So from your statement are not saying that, In order to generate the same force, if you increase the surface area you can reduce the pressure?
No no no:)

It is vectors, do not forget. Thus, friction force acts in plane of discs, so let's say that it points in direction of driving (when wheels are straight). and this force (or momentum if we take radius of disc into consideration) is the one which stops the car, like you stated.

The force of the pads onto discs is perpendicular to the above friction force, do not forget this !!:):) So in this moment we cannot mix the normal force (pads onto discs) and the force which stops the vehicle. these are two completely different forces in terms of mathematic.
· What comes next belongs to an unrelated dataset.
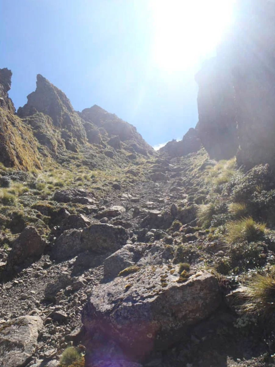 The last 400 m is a scree slope. It's steep with unstable footing. Watch your footing to avoid causing rockfall and injury – extreme care is required. Do not attempt in conditions that are wet, windy, icy, or visibility is poor.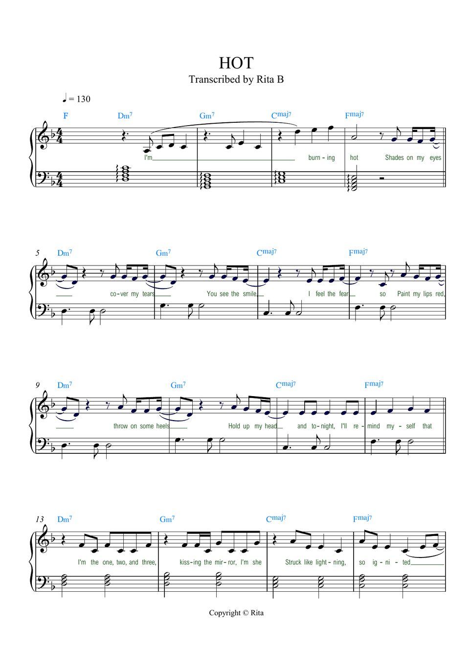 Tag : LE SSERAFIM HOT Korean And English Versions Lyrics Chords Romanized Sheet Music By RITA B

Now it comes the interesting part (I am sure you know it): the normal force, so the one which is acting perpendicular to the discs, depends on the area of the piston in the braking caliper (jaws). more precisel, we must consider the diameter of the braking line (usually very very small) and the area of that piston which is usually much bigger than the area of the line (metal or/and rubber pipe).

So, for a relatively large movement of a braking pedal we obtain actually zero movement of braking piston. We transform the movement of a brake fluid in the line into hydrostatic pressure onto the braking piston. So, the perpendicular force (F=pressure x area) is large (because the area of the piston is so much bigger than the area of the line). the point is that the pressure inside brake system is a constant. And force = pressure x area, thus we obtain relatively high perpendicular force onto discs after applying the brake pedal.

In another words, the perpendicular force onto discs (which determines the braking force in direction of wheels) does not depend on the area of pads or disc, but it depends on the area of the piston which is in the braking caliper. I think you did not pay any attention on that fact. I hope it is clear now.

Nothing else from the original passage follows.